A view of the beautiful interior of the Austin-based custom home by François Lévy Architecture + Interiors. (Image: François Lévy Architecture + Interiors.)

Another big trend we see related to sustainability is the growing proportion of adaptive reuse projects for all project types,” says Luc Lefebvre. “This is a huge opportunity to develop a solution to address building renovation workflow. This will significantly improve what you can currently do to document renovation or adaptive reuse projects. Currently in development, this new feature utilizes object data to generate the documentation needed for these types of projects quickly.”

Data and AI are big evolving stories within the Nemetschek Group and its daughter companies like Vectorworks, Inc. “There is huge potential there,” adds Lefebvre. “We are looking at a lot of things both internally and within the Nemetschek Group. 

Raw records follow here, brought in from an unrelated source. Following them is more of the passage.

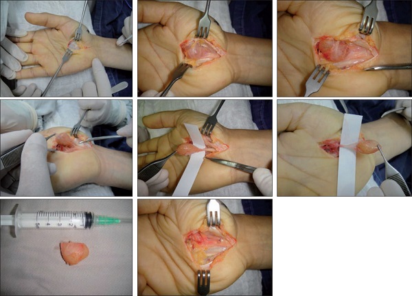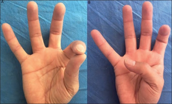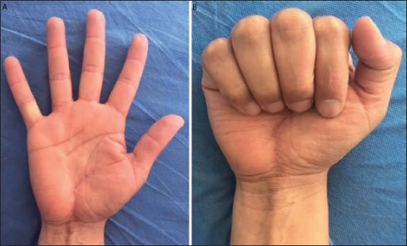 En el postoperatorio mantuvimos inmovilización con férula durante los primeros 7 días e instauramos tratamiento analgésico. Posteriormente dejamos al paciente sin inmovilización, y presentó parestesias y dolor sobre el territorio del nervio mediano al mes de postoperatorio, por lo que se decidimos iniciar terapia de desensibilización nerviosa que logró mejoría progresiva durante los primeros 6 meses y respuesta completa clínica a los 12 meses de la intervención. Funcionalmente el paciente pudo reincorporarse a su actividad habitual al año de post-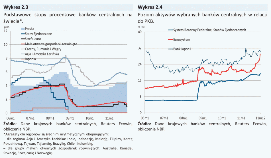 W 2011 r. banki centralne w największych gospodarkach rozwiniętych zwiększyły skalę ekspansji monetarnej, choć w ciągu roku ich polityka cechowała się pewnym zróżnicowaniem (Wykres 2.3, Wykres 2.4). Bank Rezerwy Federalnej (Fed) oraz Bank Japonii (BJ) utrzymywały stopy procentowe na poziomie bliskim zera. Europejski Bank Centralny (EBC) w I połowie 2011 r. podniósł dwukrotnie stopy procentowe, po czym w IV kwartale 2011 r. dwukrotnie obniżył je do poziomu sprzed podwyżek. Do połowy 2011 r. Fed kontynuował programy zakupu aktywów rozpoczęte w 2010 r. W II połowie 2011 r., w reakcji na pojawiające się oznaki spowolnienia wzrostu gospodarczego, Fed rozpoczął wydłużanie przeciętnego terminu zapadalności posiadanych aktywów (tzw. operacja twist). BJ oraz EBC kontynuowały program ilościowego łagodzenia polityki pieniężnej w całym 2011 r. W II połowie 2011 r. EBC zdecydował się na uzupełnienie istniejących programów płynnościowych o roczne i trzyletnie długoterminowe operacje refinansowe. Polityka pieniężna w wielu gospodarkach wschodzących, a także w małych otwartych gospodarkach rozwiniętych, po zaostrzeniu w 2010 r. i w I połowie 2011 r., w drugim półroczu 2011 r. została - odmiennie od polityki pieniężnej w Polsce - złagodzona w warunkach pogorszenia globalnej koniunktury i osłabienia presji inflacyjnej.
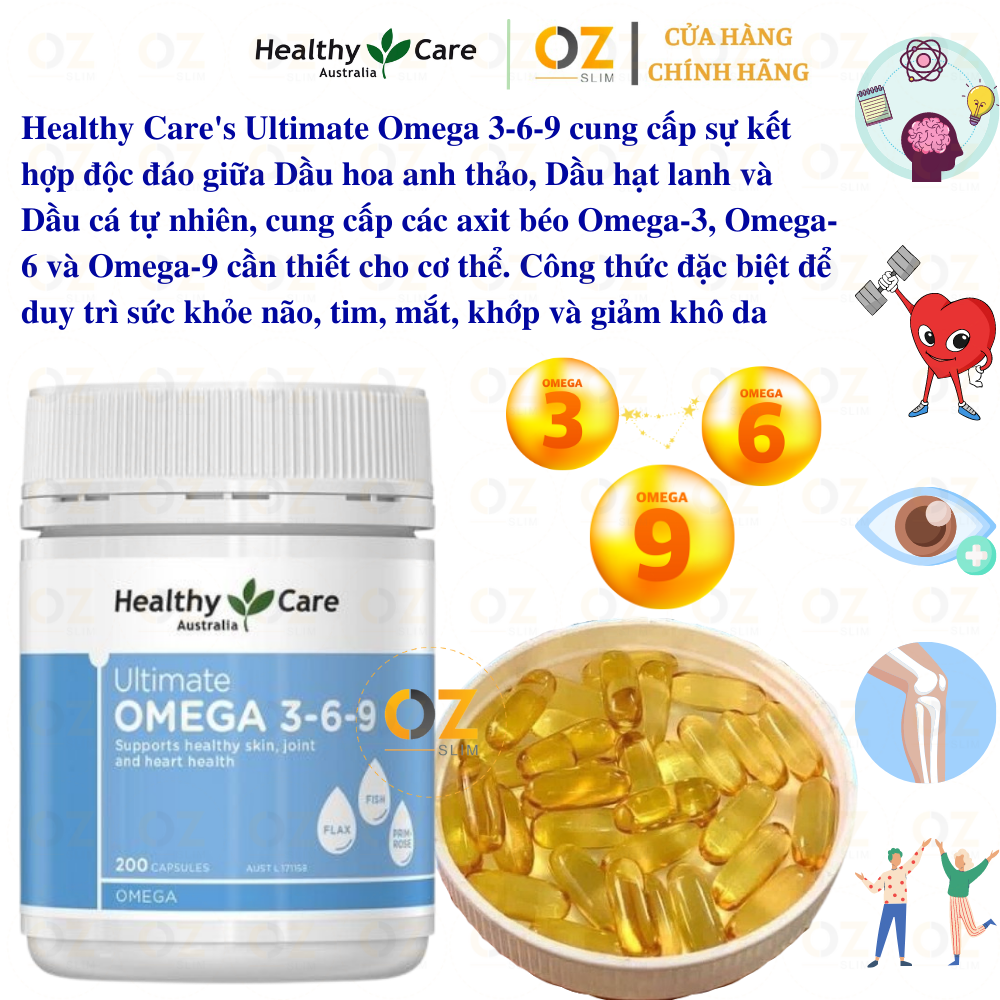 ✨Omega 3-6-9 Úc Healthy Care Ultimate 1000mg Tạo sức khỏe cho tim, não, khớp, mắt và cải thiện da khô - OZ Slim Store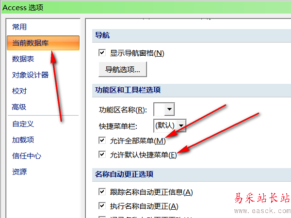 2、在access選項(xiàng)、當(dāng)前數(shù)據(jù)庫(kù)設(shè)置中,可以看到如圖所示的選項(xiàng),關(guān)掉這兩個(gè)選項(xiàng)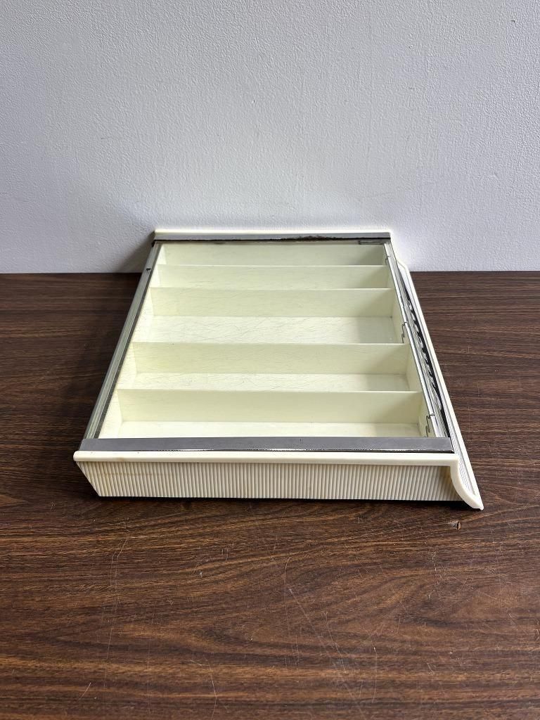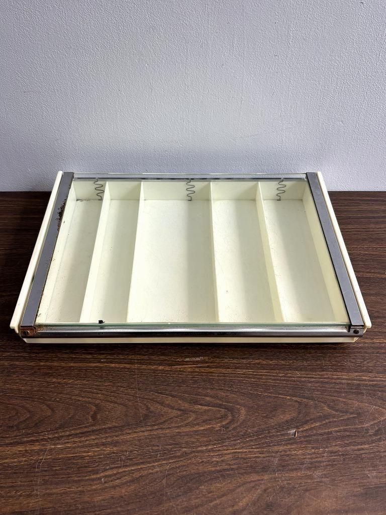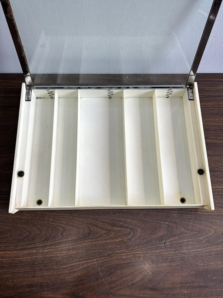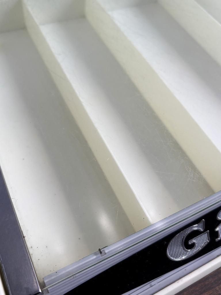 内部は細かく仕切られたトレイ構造で、替刃を整然と並べるためのプッシュ機構(後部のバネ)が残っており、商業什器としてのリアルな機能美が感じられます。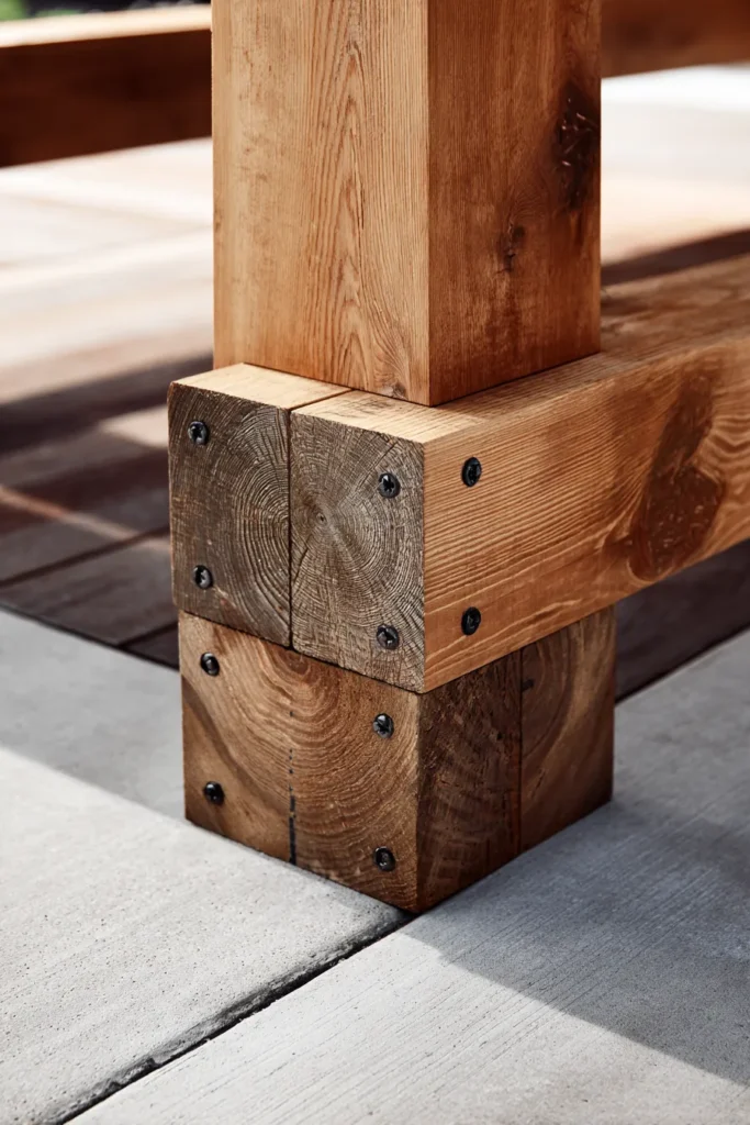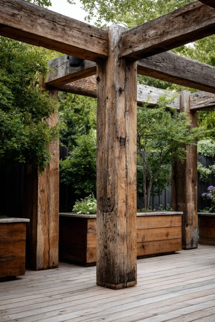 I am absolutely in love with the sheer presence of those huge, rough-hewn wood posts because they create such a stunning, almost sculptural statement in the yard, honestly. The contrast between the light deck boards and the dark, richly textured timber is incredibly chic and gives the whole space such a luxurious, grounded vibe. If you’re into a rustic or industrial look, building a simple, sturdy pergola with these kinds of bold, chunky beams is the perfect way to anchor your outdoor living space and make it feel totally custom.

MORE: Nemetschek Group announces vision for Artificial Intelligence

While the Nemetschek Group and Vectorworks continue to push forward on BIM, data advancements, and AI technologies, Lévy has long learned to extract value from his expert knowledge of a BIM solution, one that he values more and more as he continues to stay solely focused within one application for his entire workflow, as he adds: “Vectorworks’ big tent approach is super appealing to me.”